Bonds of Hercules (Villains of Lore, #2)(77)
“Don’t,” Kharon whispered under his breath. “Don’t stop touching me … please.”
I retightened my grip.
His jaw worked back and forth, and he was staring down at me like a starving man, eyes smoldering.
My heart sped up.
We were standing in front of the powerful Spartan leaders who ruled the world, preparing to compete in what was rumored to be the most dangerous competition on earth, and my husbands were eye fucking me.
My face flushed.
Are there support groups for perverts?
Augustus’s dark lashes fanned across his tan skin. “Are you okay, my carus?”
I nodded.
Nyx slithered up from where she’d been sleeping on my leg, and tightened around my arm. “You should have sex with them already—it’s getting weird.”
No, it’s been weird.
Feeling exposed—and like a deviant with a man problem (both were true)—I tried to ignore my husbands, but their hands on my neck and lower back were like brands.

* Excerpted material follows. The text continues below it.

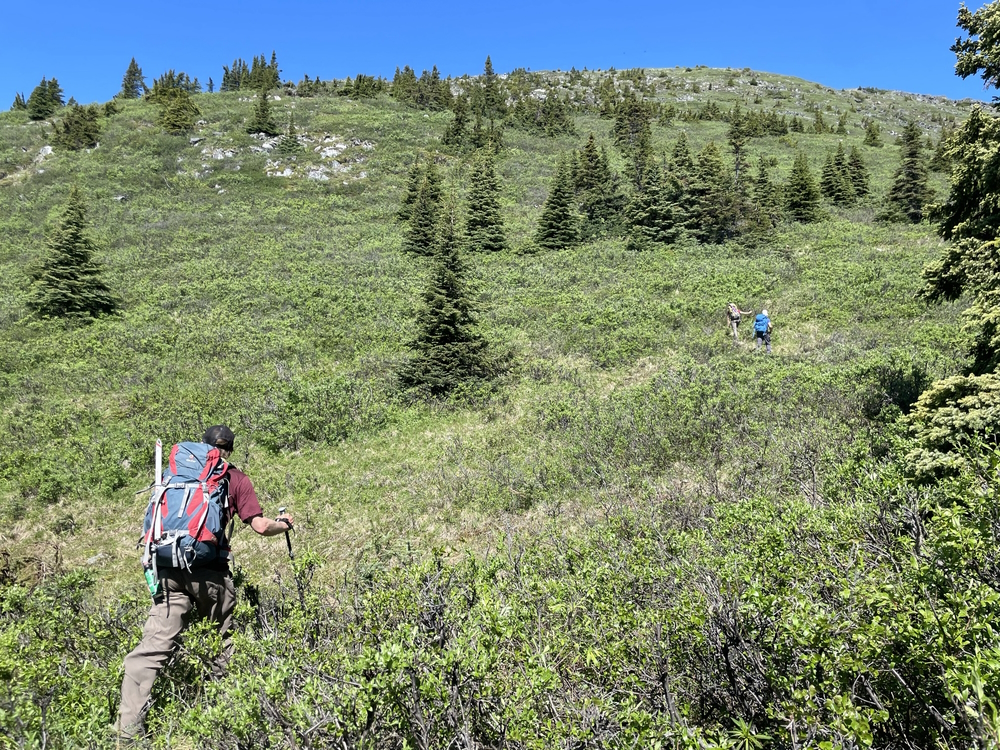 We abruptly popped out of the forest and the treeline was now mostly behind us. In front of us was a steep slope filled with chest-high brush. The brush was a nice relief from the thick forest, but it was still a challenge to hike up through it.
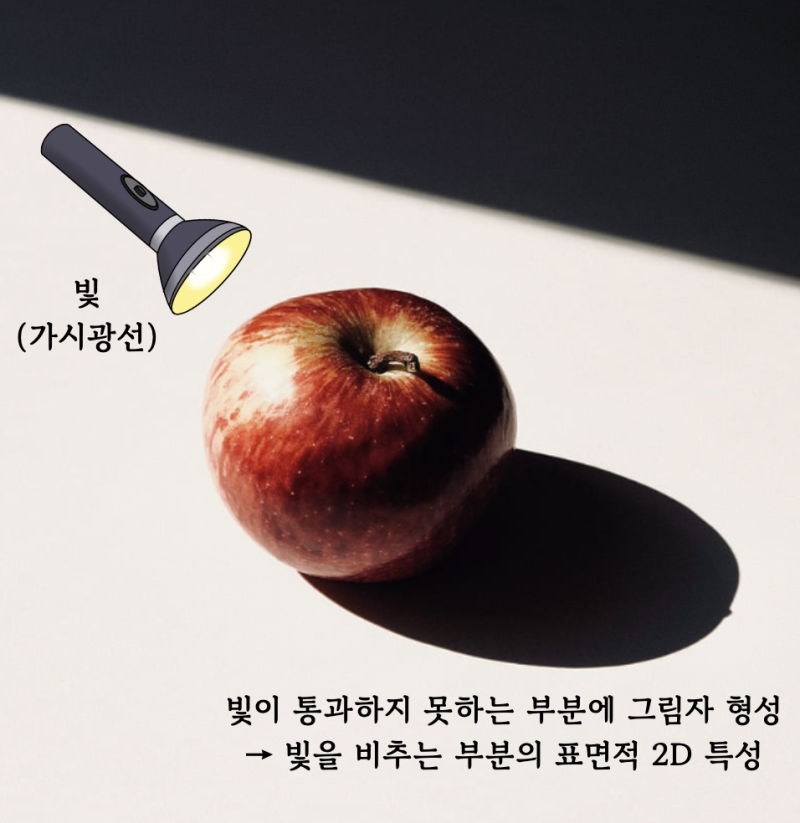 ✔️ 어두운 환경에서, 어떤 사과에 빛을 비추면 빛이 사과를 통과하지 못해 생기는 그림자가 만들어질 것입니다. 우리가 비추는 빛은 가시광선으로서 사과와 같은 일반적인 물체를 통과하지 못하기에 빛을 비추는 방향의 반대 영역에 빛이 통과하지 못함으로써 어두운 그림자가 형성됩니다. 즉, 그림자를 통해 우리는 빛을 비추는 한 방향에서의 사과의 크기, 표면 등 2차원적인 외적 특성을 파악할 수 있습니다. 만약 빛을 모든 방향에서 비추고 그림자를 확인한다면, 사과의 모든 방면에서의 외적 특성이 파악될 것이고, 그로부터 우리는 사과의 모습을 종합적으로 추론하여 3차원적인 입체의 외형을 떠올릴 수 있을 것입니다.

The sun sank fully behind the mountains.
“We will now begin the ceremony—” Zeus paused, and torches lit with a whooshing sound throughout the arena “—with the revelations of the victors and reading of the labors.”
I jumped as claps echoed thunderously all around.
“Labors?” I whispered.
Augustus leaned down. “The number of labors is how many competitors we have to face during our fight—we all fight once, but the more labors you get … the more rounds you have to survive. The rounds get progressively harder, physically and mentally.”
Oh, how wonderous.
This entire experience (my life) was becoming increasingly more unfortunate.
Maybe I should just leap away. How bad can treason and imprisonment really be? Guilt hit me. Ceres would beg to differ.
Zeus pulled a small velvet pouch out of his coat pocket and dumped two gold dice onto the altar.
“We welcome Ajax of the illustrious House of Hermes, this year’s honorable enforcer.” Zeus pointed to a guard wearing a small laurel crown.
Ajax stepped forward, rainbow peacock crest sparkling on the lapel of his black suit as he stepped up beside the altar.
Why do they need an enforcer?
Fate put on a pair of purple reading glasses, and held her clipboard out.
“Will the Chthonic leaders please step forward?” Her voice boomed around the stadium. The tenor was even more commanding than Zeus’s.
The crowd quieted.
Hades, Artemis, Erebus, Aphrodite, and Ares stepped forward and slowly sauntered as a group up to the other side of the altar.
“Per tradition,” Zeus said as he held up a die, showing off the five dots. “As there are five of you, do you each accept your labors—will you each fight against five adult Cyclopes?”
“We do,” Hades said calmly, fog swirling around his feet.
Augustus leaned down again and whispered in my ear, “The leaders always fight five Cyclopes to start the competition. They’re so powerful that it’s more ceremonial than anything else.”
I nodded up at him, grateful he was giving me some context.
Hades had planned on giving me a debrief of the SGC the week before the competition, but that was before the accelerated timeline.
“Now—their revelations!” Zeus spread his arms wide, face up to the sky.
I looked up at Augustus for an explanation, but he was staring at Kharon with a nervous, worried expression.
Purple eyes flashed as Fate tapped her clipboard. “Artemis.”
Artemis smirked. She grabbed the V-neck of her toga, turned in a circle so everyone in the stadium could see, and … ripped the material wide, exposing the bare, unblemished skin of her sternum.
Scarlet mist glittered around her in a dangerous shimmer.
“Revelation,” Zeus announced. “Zero defeats.”
Artemis looked smug as she tied the ripped top of her toga so it covered her chest, and walked back to stand in our line, a haughty sneer on her face.
“Ares,” Fate called out.
The infamous leader of the House of War stepped up and unbuttoned his suit jacket. Folding it neatly, he placed it on the altar, then deftly unbuttoned his white shirt and shrugged out of it.
His head was shaved down the middle, and the crimson rings around his irises flared. Layers of bronze skin rippled as he slowly turned in a circle.
Long jagged scars slashed across his lower back and the thick ridges of his stomach, matching the scar across his lips.
“Revelation—zero defeats!” Zeus shouted.
Hades was called forward, and he also shrugged out of his suit jacket. I looked away, because I didn’t want to be scarred for life, and Zeus announced he also had zero defeats.
“Erebus!” Fate yelled.
Kharon stiffened, his grip tightening around my neck.
Erebus stepped up to the altar, his mask gleaming menacingly in the golden light of dusk.
He parted his cloak, revealing combat pants and a plain black T-shirt. He was probably the only person in the stadium not dressed in ceremonial clothes.
Erebus gripped the neck of his shirt and ripped down.
The stadium gasped.
Every inch of Erebus’s pale lithe torso was covered in old and new raised claw marks. It looked like he’d been attacked by hundreds of wolves, repeatedly.